The 6-to-1 decision overturned a lower court ruling that struck down the state's 39-year-old anti-mask law last May. In that ruling, Judge Howard E. Cook of Gwinnett County State Court called the Klan "a persecuted group" whose members' First Amendment rights to free speech might depend on anonymity. He upheld a challenge to the law by Shade Miller Jr., a member of the Invisible Empire Knights of the Ku Klux Klan.
But the Georgia Supreme Court held today that the law does not infringe on the Klan's rights to free speech and free association and that instead the Klan's history of anonymous violence makes the mask a form of intimidation subject to government control.
"The state interests furthered by the Anti-Mask Act lie at the very heart of the realm of legitimate governmental activity," Chief Justice Harold G. Clarke wrote for the majority. Klan Says Ruling Is Narrow
But now Republican state Rep. Jason Spencer wants to extend the Anti-Mask Act to include a group not known for historically lynching and burning and murdering United States citizens on United States soil.
House Bill 3, authored by state Rep. Jason Spencer, R-Woodbine, would bar women from wearing a burqa and veil when posing for the photo on their Georgia drivers’ license.
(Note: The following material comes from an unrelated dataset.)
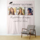 Elegante tapiz de fondo de cabina de fotos de graduación en rosa para ella con "Felicidades", una ilustración de una gorra de graduado, un collage de 3 fotos, su nombre en una fuente de moda y su año de graduación y nombre de la escuela en letras modernas simples.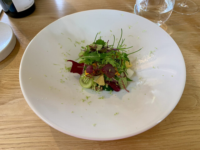 次は秋野菜と果物のタブレ…フルーツや野菜を爽やかなドレッシングとクスクスで和えたとても美しい一皿☆で甘み酸味塩気のバランスが絶妙です⤴︎最後にかけられたライムだかグリーンレモンのゼストが本当に良い香りで美味しい美しいお料理でした

The bill would also subject female Muslim garb to the state’s anti-masking statute – which originally was aimed at the Ku Klux Klan.
Spencer said his legislation was intended to apply to women who are driving on public roads, but the wording suggests the restriction might also apply to any kind of public property.
Emphasis added. Here’s House Bill 3. The bolded parts are the changes to the original language.
A person is guilty of a misdemeanor when he or she wears a mask, hood, or device by which any portion of the face is so hidden, concealed, or covered as to conceal the identity of the wearer and is upon any public way or public property or upon the private property of another without the written permission of the owner or occupier of the property to do so. For purposes of this subsection, the phrase 'upon any public way or property' includes but is not limited to operating a motor vehicle upon any public street, road, or highway.
Don’t worry, there’s a provision for wearing a Santa Claus suit and beard for when Jesus Christ was born.